Hello! Is there a way to define a resource that wo...
# ask-community
j
Hello! Is there a way to define a resource that would be initialized dynamically and then statically as long as it has not been reloaded (i.e. as long as I have not clicked on the reload code button)? In the code below, at each execution the resource is recalculated, which is restricting because it prevents me from parallelizing because only one connection is allowed at a time to access the DB. I use these resources in almost all assets to do mapping and add metadata so I need a resource that I can use easily.
Copy code
class DatabaseResource(ConfigurableResource):
    db: dict

    def get_customers(self):
        return [customer for customer in self.db["name"]]


@asset
def get_customers(db_resource: DatabaseResource):
    customers = db_resource.get_customers()


def call_DB():
    # goal: Do not call this function at each execution
    return [
        {"name": "A", "app": "app_A"},
        {"name": "B", "app": "app_B"},
    ]


defs = Definitions(
    assets=[get_customers],
    resources={"db_resource": DatabaseResource(db=call_DB())},
    executor=in_process_executor,
)
t
Hi!
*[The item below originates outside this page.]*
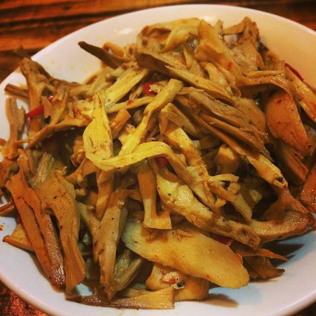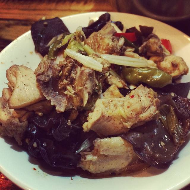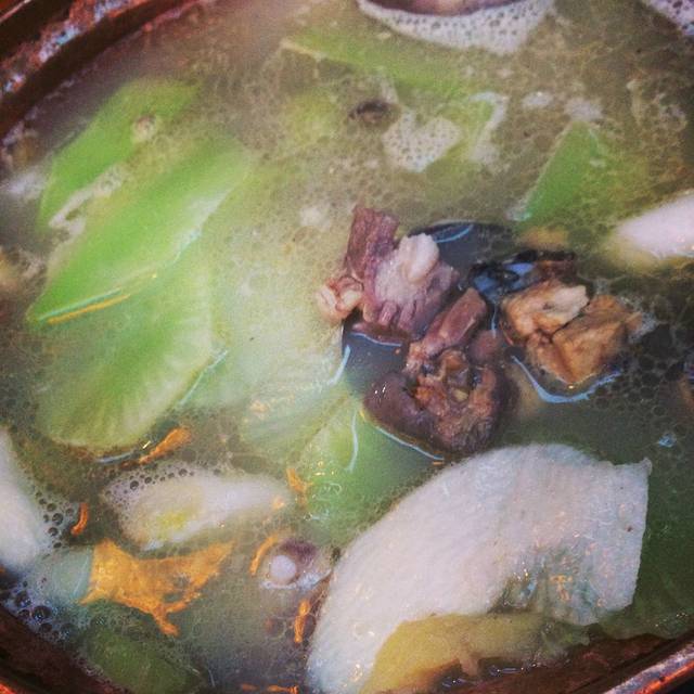 传说中的腊排骨土鸡火锅。本以为是很浓郁的火锅,但是汤头却很清甜,有一股莴笋的清香。

There currently isn't a way, but we hear this often enough that we think about it and are aware of it. More granularly, you can use the in_process_executor to have your job maintain the same instance of a resource throughout the run, but it is currently restricted to having everything run serially.
n
Is it possible to utilize multiprocessing Manager or Value to share data across executors? That would be helpful for single DB connection scenarios
j
Thanks for the answer. I am aware that I could create a separate asset that would correspond to my resource where I could write the result of my query to a file on the S3 for example. Then I could call this file every time I need it (i.e. in almost every asset). However I don't find this solution very good in terms of optimization and understanding. Do you see a more appropriate method?